AIM OF THE TASK> Return only the lines from the one that contains "Miru 1Day Menicon" through the last line of the records below, exactly as they stand. Pictures are not part of the copy.

Entries taken from a collection

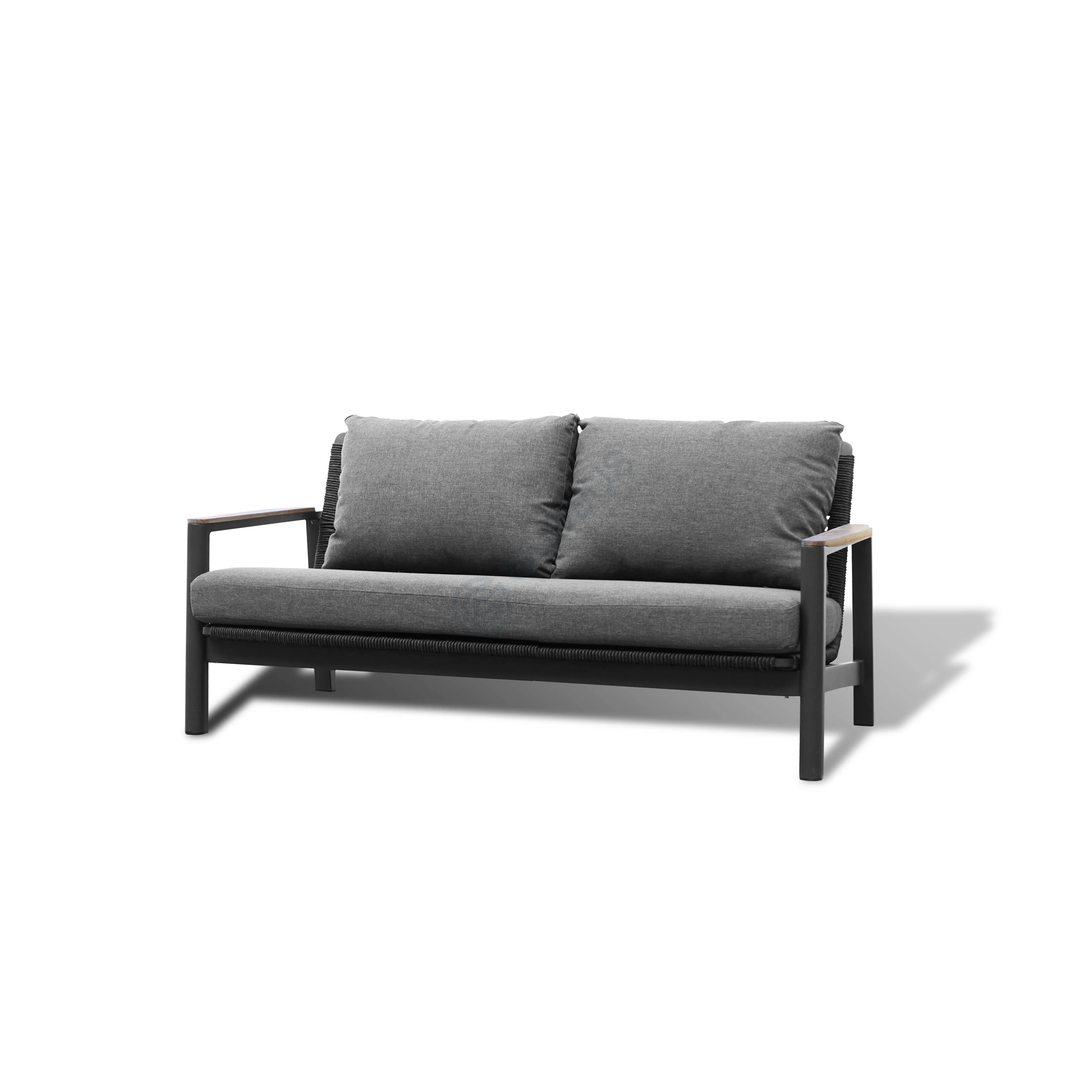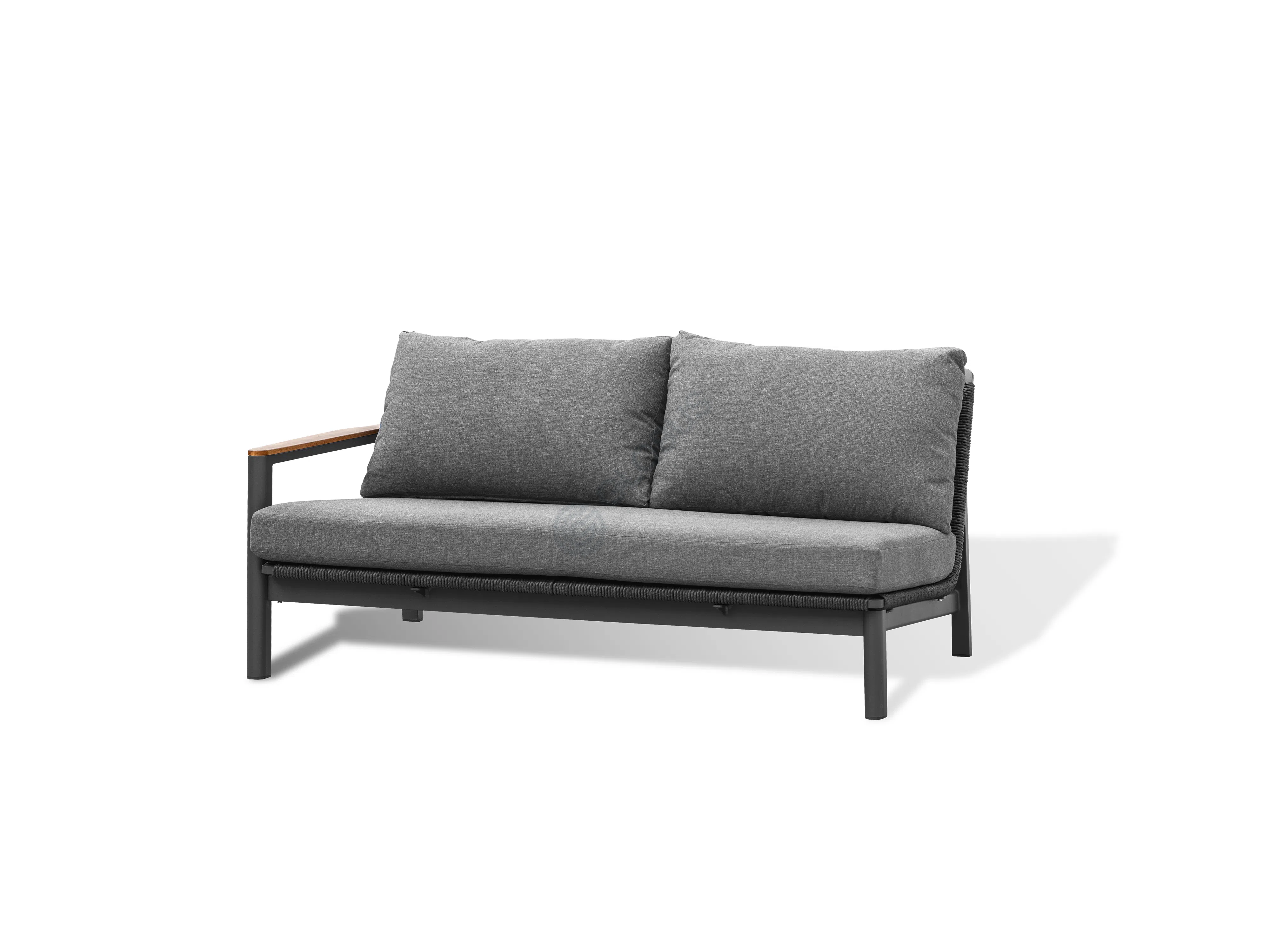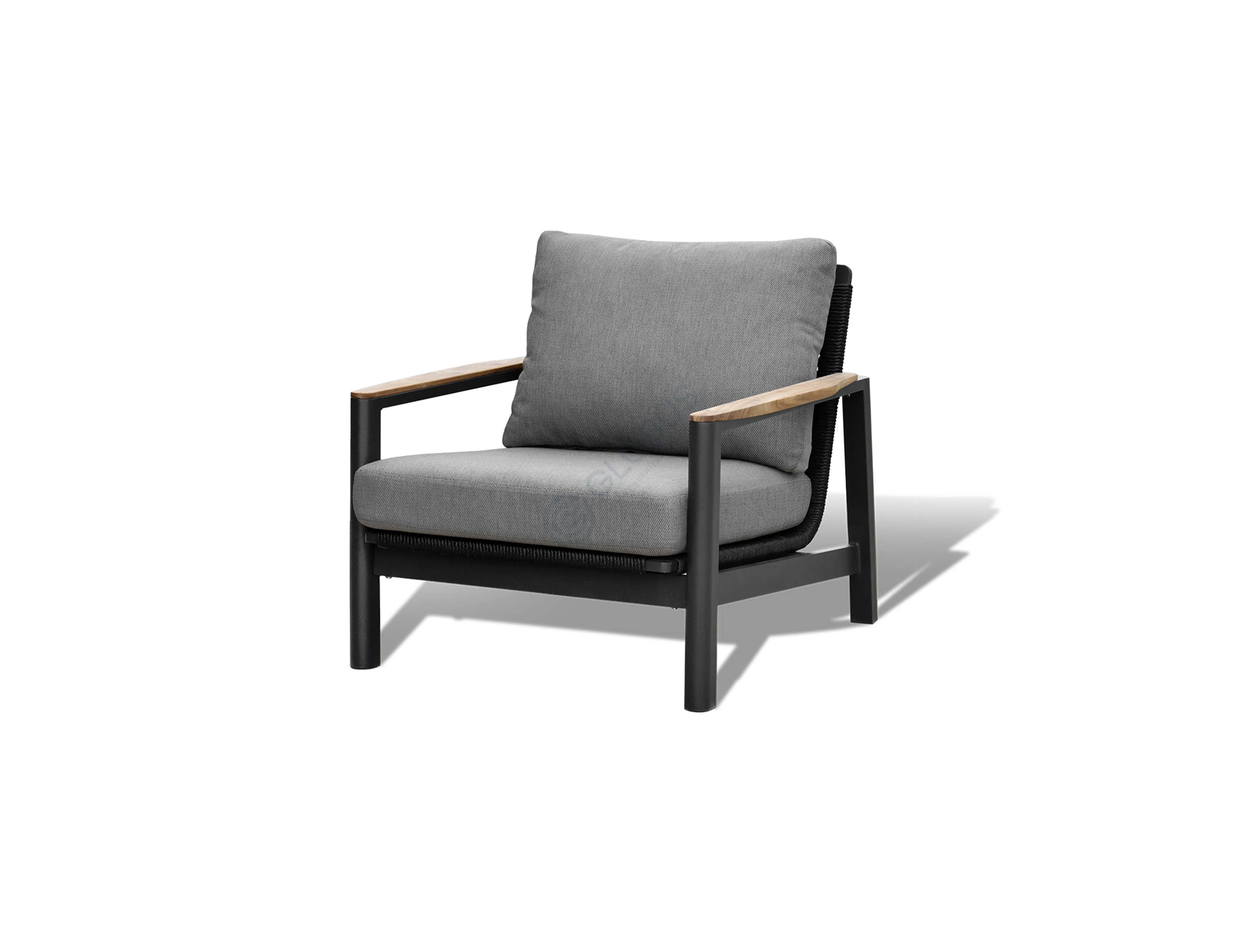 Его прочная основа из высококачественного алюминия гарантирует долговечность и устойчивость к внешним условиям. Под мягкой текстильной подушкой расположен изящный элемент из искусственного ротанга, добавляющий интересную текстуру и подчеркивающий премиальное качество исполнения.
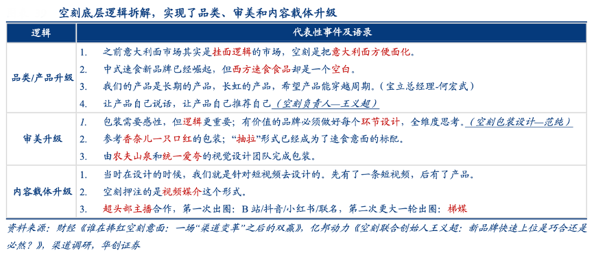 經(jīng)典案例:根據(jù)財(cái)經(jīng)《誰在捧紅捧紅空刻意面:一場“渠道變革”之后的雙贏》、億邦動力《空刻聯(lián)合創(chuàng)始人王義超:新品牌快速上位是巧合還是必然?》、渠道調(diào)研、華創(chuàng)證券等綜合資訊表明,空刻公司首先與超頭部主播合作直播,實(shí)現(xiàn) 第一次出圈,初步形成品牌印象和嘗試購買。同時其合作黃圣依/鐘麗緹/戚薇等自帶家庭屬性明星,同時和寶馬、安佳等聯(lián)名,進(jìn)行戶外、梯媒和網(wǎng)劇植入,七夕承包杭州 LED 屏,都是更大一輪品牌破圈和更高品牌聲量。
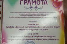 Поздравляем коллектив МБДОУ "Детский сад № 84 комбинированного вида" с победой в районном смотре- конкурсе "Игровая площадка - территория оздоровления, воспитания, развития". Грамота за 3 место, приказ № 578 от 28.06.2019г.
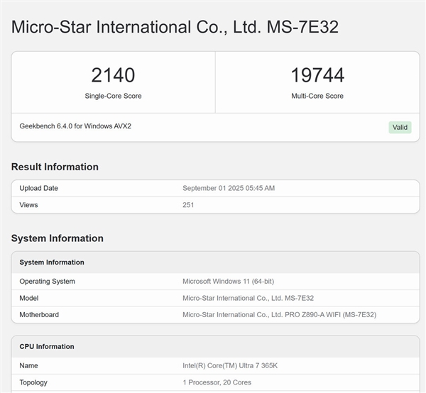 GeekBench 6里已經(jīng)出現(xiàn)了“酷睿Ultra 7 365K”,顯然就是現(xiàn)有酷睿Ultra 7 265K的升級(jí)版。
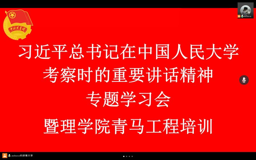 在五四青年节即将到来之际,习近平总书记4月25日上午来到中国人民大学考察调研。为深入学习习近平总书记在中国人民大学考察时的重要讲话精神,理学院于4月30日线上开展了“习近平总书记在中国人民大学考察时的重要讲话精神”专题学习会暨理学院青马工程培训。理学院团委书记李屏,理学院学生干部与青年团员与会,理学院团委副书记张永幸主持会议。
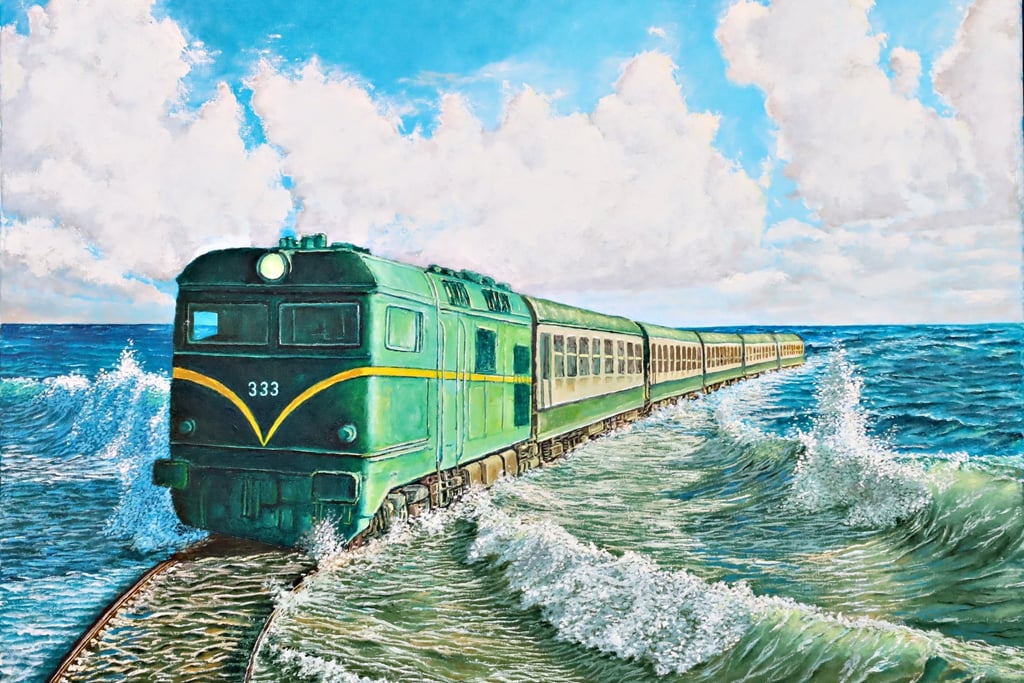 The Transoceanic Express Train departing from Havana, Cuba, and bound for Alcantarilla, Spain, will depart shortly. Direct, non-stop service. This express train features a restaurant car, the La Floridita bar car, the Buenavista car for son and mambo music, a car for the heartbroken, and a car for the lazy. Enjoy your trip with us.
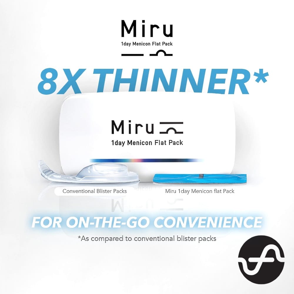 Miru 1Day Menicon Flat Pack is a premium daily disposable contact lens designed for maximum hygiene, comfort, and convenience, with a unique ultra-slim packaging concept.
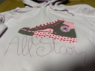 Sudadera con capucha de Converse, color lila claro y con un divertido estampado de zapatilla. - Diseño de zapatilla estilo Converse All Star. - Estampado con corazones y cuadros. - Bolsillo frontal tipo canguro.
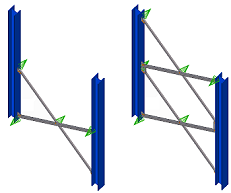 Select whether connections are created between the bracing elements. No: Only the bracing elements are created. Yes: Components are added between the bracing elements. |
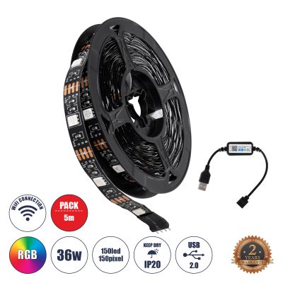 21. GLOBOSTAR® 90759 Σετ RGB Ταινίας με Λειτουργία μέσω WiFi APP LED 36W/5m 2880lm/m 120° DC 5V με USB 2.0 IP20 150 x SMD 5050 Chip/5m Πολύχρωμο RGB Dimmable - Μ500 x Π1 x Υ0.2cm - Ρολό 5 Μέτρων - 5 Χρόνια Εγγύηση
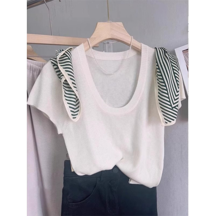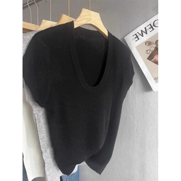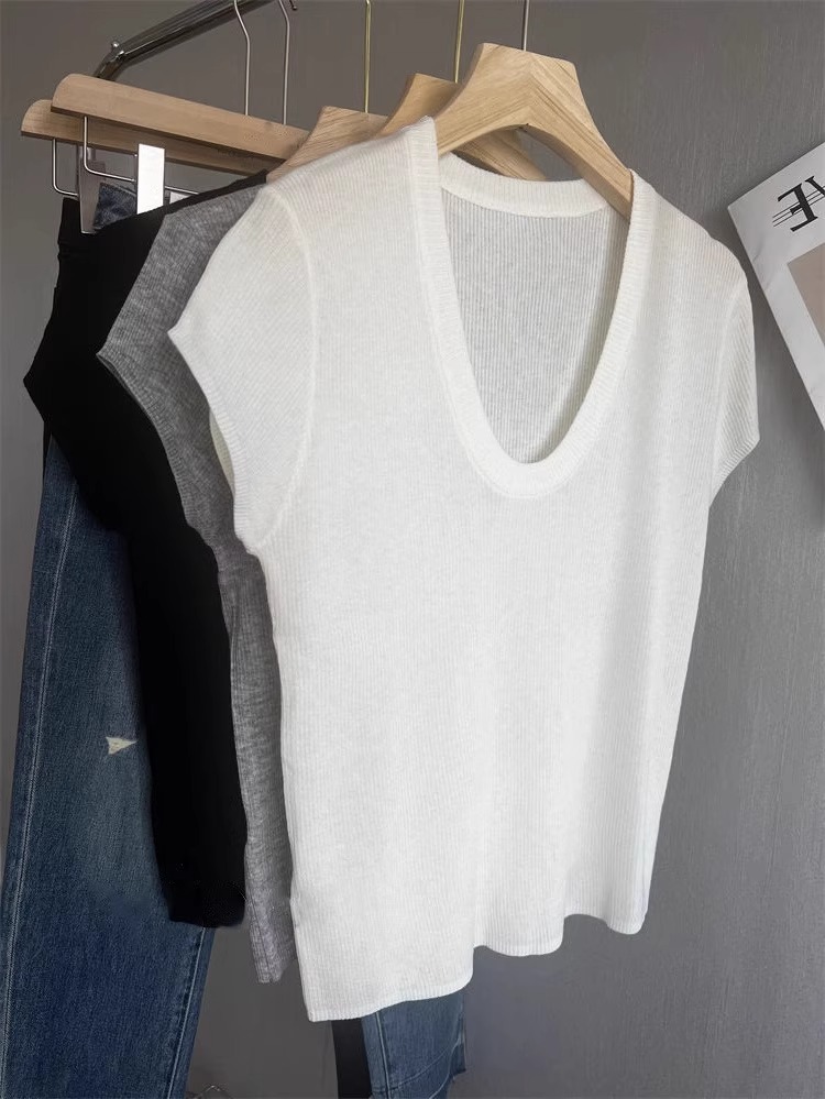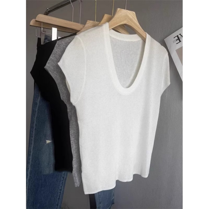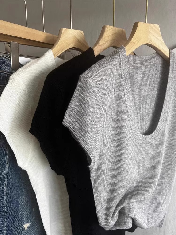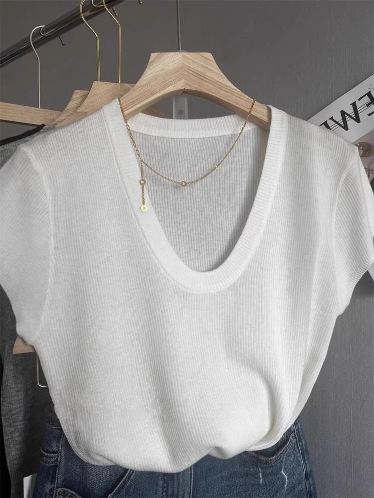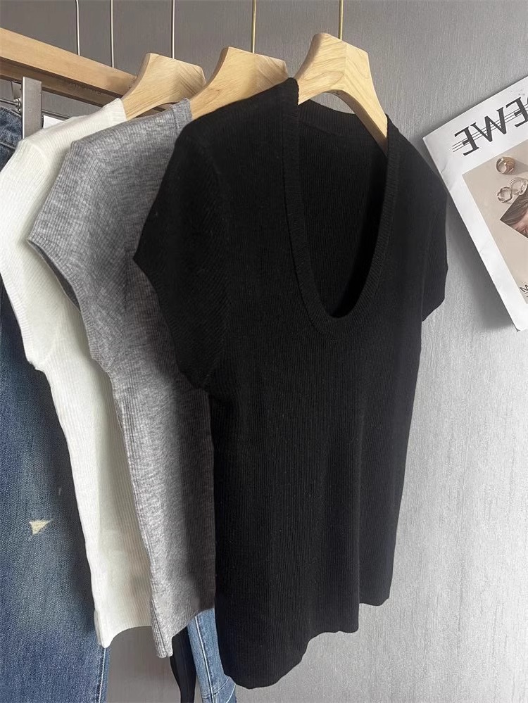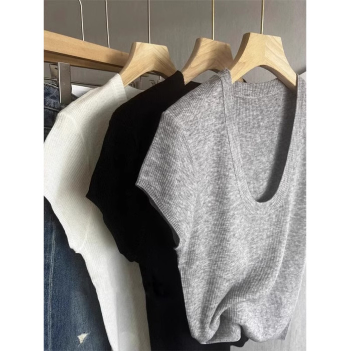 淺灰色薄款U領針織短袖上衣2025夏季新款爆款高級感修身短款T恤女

ANSWER BELOW>
 Miru 1Day Menicon Flat Pack is a premium daily disposable contact lens designed for maximum hygiene, comfort, and convenience, with a unique ultra-slim packaging concept.
 Sudadera con capucha de Converse, color lila claro y con un divertido estampado de zapatilla. - Diseño de zapatilla estilo Converse All Star. - Estampado con corazones y cuadros. - Bolsillo frontal tipo canguro.
 Select whether connections are created between the bracing elements. No: Only the bracing elements are created. Yes: Components are added between the bracing elements. |
 21. GLOBOSTAR® 90759 Σετ RGB Ταινίας με Λειτουργία μέσω WiFi APP LED 36W/5m 2880lm/m 120° DC 5V με USB 2.0 IP20 150 x SMD 5050 Chip/5m Πολύχρωμο RGB Dimmable - Μ500 x Π1 x Υ0.2cm - Ρολό 5 Μέτρων - 5 Χρόνια Εγγύηση
 淺灰色薄款U領針織短袖上衣2025夏季新款爆款高級感修身短款T恤女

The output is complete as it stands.